Шрифт:
Интервал:
Закладка:
Я деньги мало люблю: но уважаю в них единственный способ благопристойной независимости.
Книжный рынок в начале XIX века
I
Пушкин был не только одним из величайших художников всех времен и народов. Он был еще большим, выдающимся человеком. Если из истории жизни его вычеркнуть творчество, останется богатая внешними фактами и внутренними переживаниями биография человека, исключительная индивидуальность которого отражалась и оставляла веху на каждом шагу его жизненного пути. В.В. Вересаев написал четырехтомную биографию Пушкина-человека, почти вовсе вылущив из нее творческую историю, и тем не менее книга его читается, том за томом, с захватывающим интересом, несмотря на эту мучительную, дорого стоящую и ничем не оправдываемую операцию механического выделения внешней истории художника из общего комплекса его жизни.[467]
Представим себе такого необыкновенного человека, который впервые узнал о существовании Пушкина из четырех томов книги Вересаева. Когда он перевернет последнюю страницу последнего тома, спросим его: кто такой Александр Сергеевич Пушкин? Должно быть, он ответит, что это замечательный во всех отношениях человек и, между прочим, писатель. Такой вывод, совершенно справедливый в приложении к книге Вересаева, конечно, противоречит истине. Пушкин прежде всего – поэт. Но и человеком он был подлинно замечательным.
Естественно, в силу этого, что пушкиноведение должно идти и идет двумя путями: изучает творчество Пушкина, литературную историю его произведений и подвергает их формальному анализу, во-первых, и разрабатывает биографию поэта, во-вторых. Еще в 1923 г. Н.К. Пиксанов наметил третий путь, открывающийся перед пушкиноведением[468]. П.Е. Щеголев в своей последней работе «Пушкин и мужики» развил означенную тему. Это «анализ той социальной обстановки, в которой складывалось художественное восприятие Пушкина» [469].
«Социальная обстановка» эта слагалась из разных ингредиентов. «Пушкин и крепостное право, помещичьи отношения Пушкина» – таковы темы П.Е. Щеголева. Добавим к ним еще одну – издательская деятельность Пушкина. Эта последняя стоит на одном из центральных стыков творческого и жизненного путей художника, в силу чего как будто не может быть обойдена. Однако именно так оно и было до сих пор. Об этой стороне жизни и деятельности Пушкина мы имеем самые смутные представления[470].

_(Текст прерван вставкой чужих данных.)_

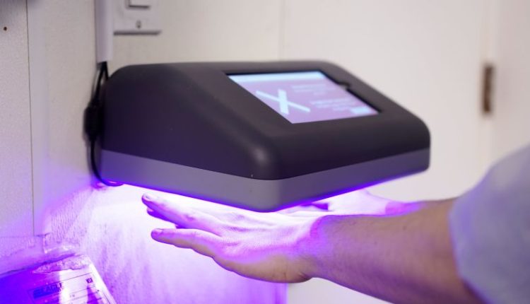 Within two seconds, the device can identify any residual contaminant on the hands and wrist using light fluorescence spectroscopy, an imaging technology already used in healthcare that utilizes safe non-UV LED lights.
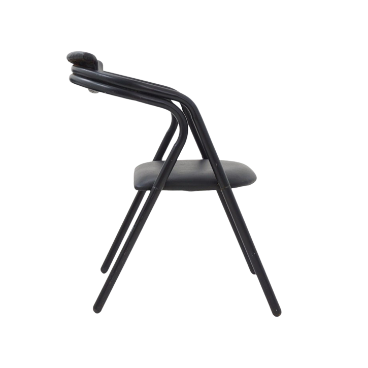 - Black naugahyde fabric; tubular metal frame

Между тем мы еще вторично сталкиваемся с этой же темой, приходя к ней иным путем. Социологическое изучение истории литературы, в свою очередь, поставило ряд вопросов, вводящих нас в область «литературного быта». Профессионализация писательского труда, взаимоотношения писателей и издателей, писателей и читателей, самый состав читательской массы, авторские гонорары и тиражи изданий, – таков ряд факторов, бесспорно влиявших на литературную эволюцию и особенно остро сказывавшихся в начале XIX столетия. Это, конечно, все факторы только посредствующие. Основным мотивом, основным стимулом эволюции литературного творчества, литературных форм, являлось собственно творчество. В начале 1830-х гг. обозначилась профессионализация литературного труда, ставшая возможной благодаря появлению профессиональных же издателей и журналов с коммерческой установкой – вместо прежних альманахов. Еще более важно то, что расширился и углубился читательский слой, перешагнувший за тесные рамки высшего, аристократического круга, что не замедлило сказаться на изменении «социального заказа», как выразились бы мы, употребив современный термин. Совершенно очевидно, что все это не могло не отразиться на литературной эволюции. Справедливо заметил Б.М. Эйхенбаум[471], что если «четырехстопный ямб Пушкина невозможно, связать ни с общими социально-экономическими условиями николаевской эпохи, ни даже с особенностями ее литературного быта», то «переход Пушкина к журнальной прозе и, таким образом, самая эволюция его творчества в этот момент обусловлена общей профессионализацией литературного труда в начале 1830-х годов и новым значением журналистики как литературного факта».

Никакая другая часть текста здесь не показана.